This questions ultimately rests on the supposition of what a game intends to be or what esport should be. This is partially why it probably won't spark too much discussion, but I'm interested in your opinions nonetheless, especially when it comes to the current state of esports. It seems to me that when we are talking about rules in any kind of sport we want to change as little as we can over time. If the rules changes enough, you could argue that people have over time played what essentially is a different game. It becomes harder to compare achievements between players within the a timeline. Meta's and achievements will only really be comparable after games has stopped adding content such as new heroes or mechanics. With a lot of games there seems to be a major content patch, then long period of balancing and this cycle basically repeats itself. Another point is that by adding content and changing the meta you are preventing the current players from reaching their full potential, the older players from retaining their hard earned experience and discouraging new players by promising them a game they can never "beat". That is until the content stops coming in and in today's world that might mean that you are not able to play at all due to a lack of dedicated servers.
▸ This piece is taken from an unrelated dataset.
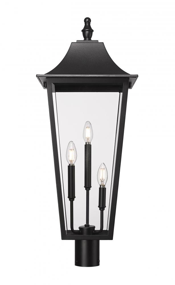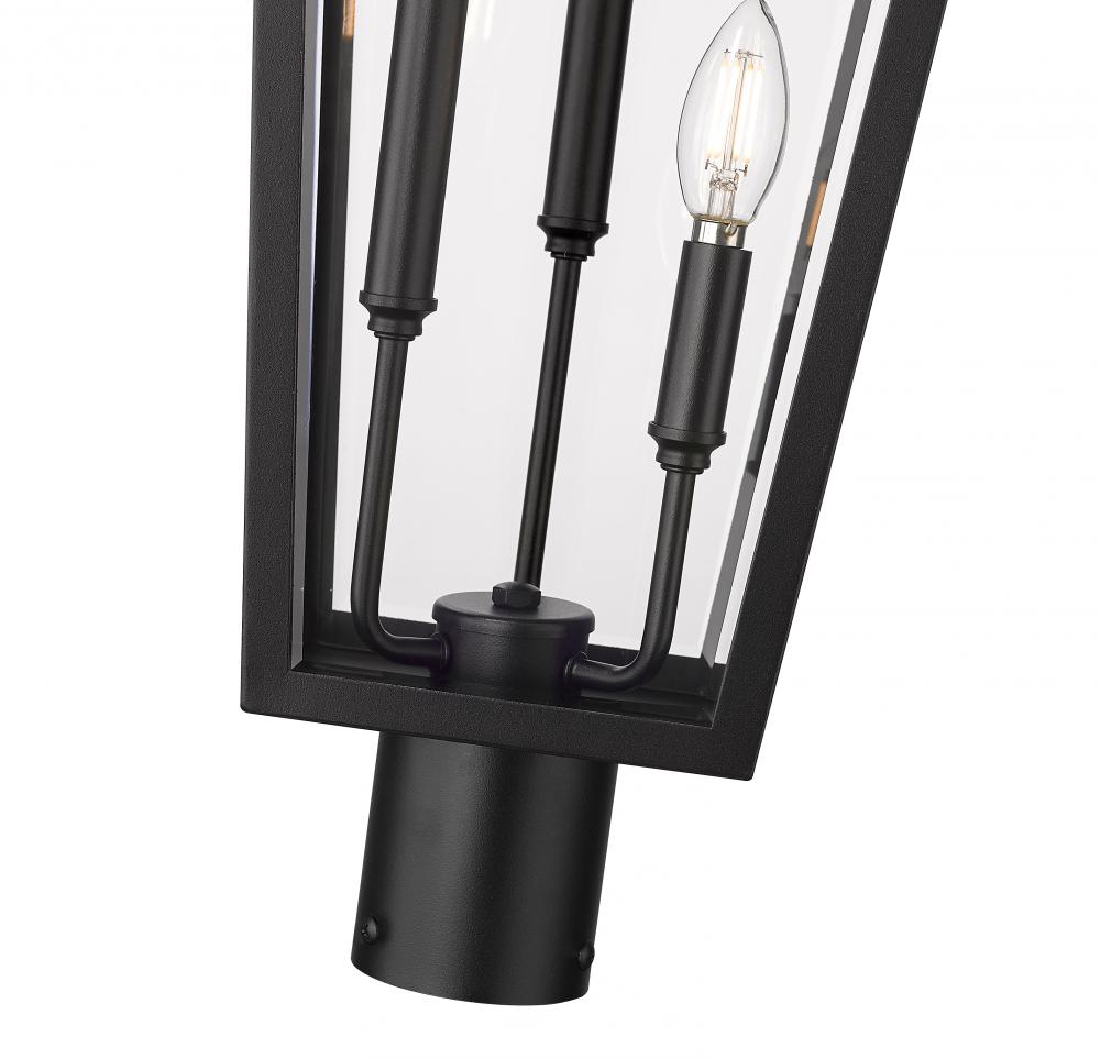 A gracefully sloped top and tapering glass panes create a refined silhouette for this traditional three-light outdoor post mount lantern. Its classic elegance is highlighted with a stainless steel frame and durable Coastal black finish. Clear beveled glass delivers excellent illumination, perfect for a front porch or backyard deck.
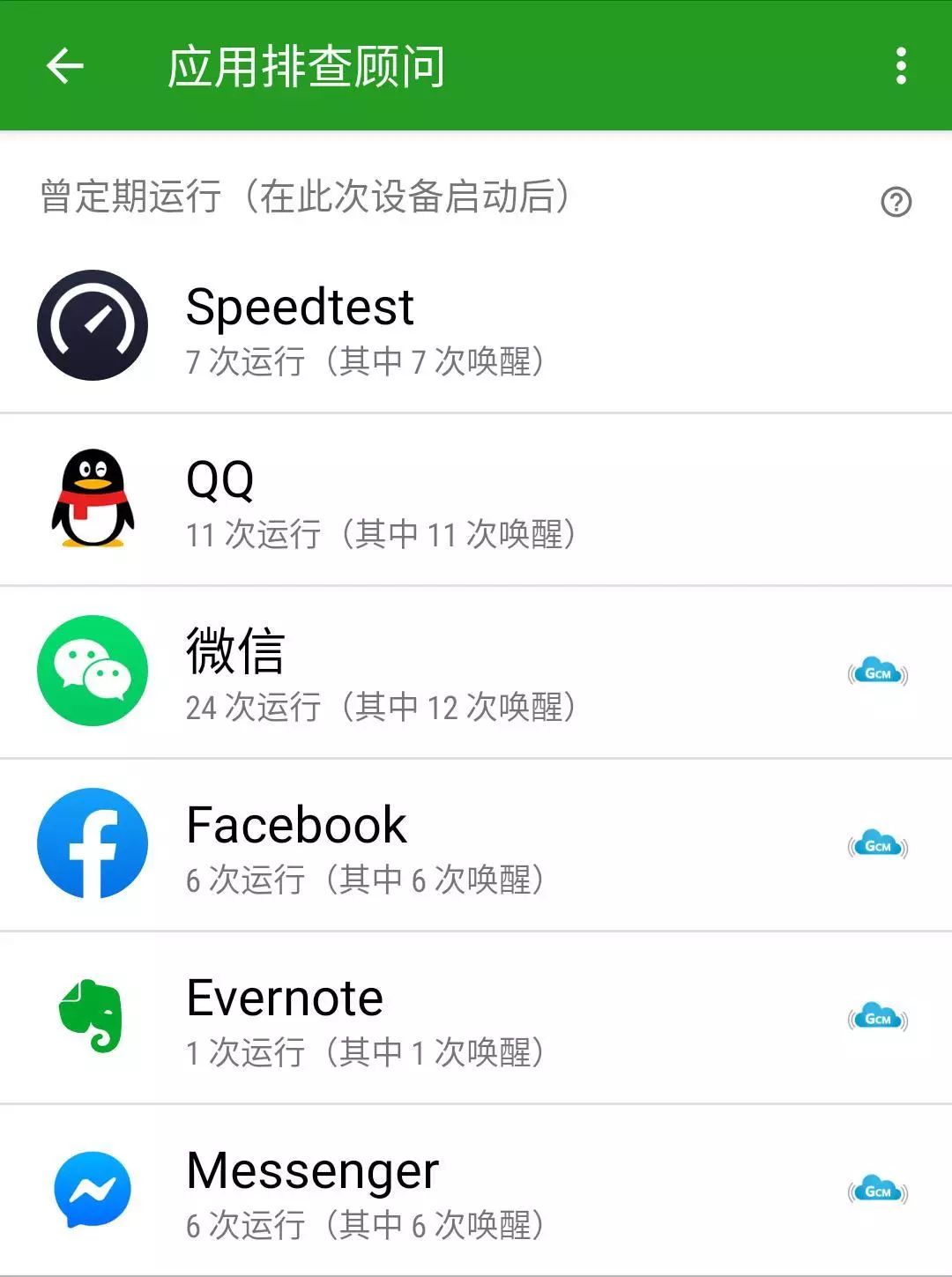 绿色守护还会统计应用的定期运行状况以及唤醒的次数,并将有这些行为的应用在「应用排查顾问」中显示出来,我们可以根据应用的类型(一般判定是否是微信等即时信息类应用)、唤醒次数等情况进行处理。

Further the players that might once have stuck to it might already have left, leaving no opponents left to play against.
This superficial take ultimately comes from someone who hasn't really played esports except a little bit of 1.6 counter strike and counter strike global offensive. It always struck me as odd that with MOBA's and especially with shooters such as overwatch and siege, that there seem to be no pushback on this. When I ask people that prefer this sort of drip-feed-service, what I usually hear is that it's something that is necessary to keep them engaged. Isn't there ultimately a trade-off here, between a sort of accessible fun and lack of constancy which prevents players from reaching their full potential?
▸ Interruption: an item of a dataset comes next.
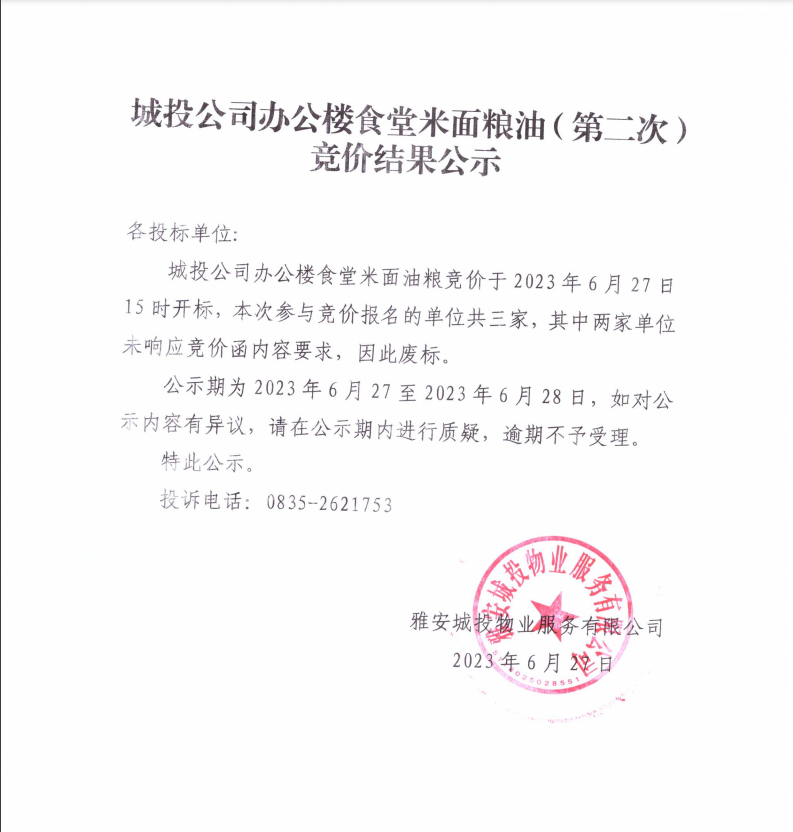 城投公司辦公樓食堂米面糧油(第二次)競價結(jié)果公示

I immediately see the talking point of financial aspect of games. It seems to me however that Quake and counter strike largely went without major changes when compared to modern esports games. Are there any good broad rules we can use when designing esport games in order to avoid the issues mentioned here?
In an ideal world, do you agree that we generally don't want kind of content and/or rule change that we see today?
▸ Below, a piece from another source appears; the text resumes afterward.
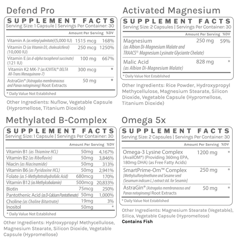 1 x Defend Pro, the A, D (10,000 IU), K powerhouse with the addition of AstraGin for optimized nutrient absorption all aimed at supporting healthy bones, cardiovascular health, immune function and hormone metabolism.
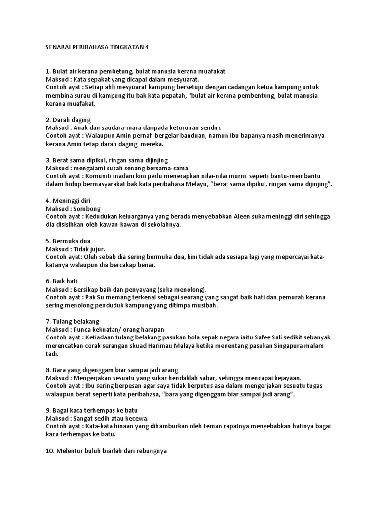 Senarai Peribahasa Tingkatan 4

If there is a need to add content (such as heroes) to keep a game feeling "fresh". Is there an acknowledgement here that the core-gameplay isn't engaging enough? I think there is a case to be made here when it comes to MOBA's since knowledge (about enemy heroes abilities) plays a more central part when compared to more archaic shooters. Is this indicative of a an audience that is more interested in an entertaining service, rather than a (e)sport that seldom changes?
When we look at games such as world of warcraft, which isn't an esport, yet there are achievements and historic events so to speak which became cheapened or not attainable until what was basically a restart of the timeline (story of the game). Is this not what we are risking with current service models in modern esports?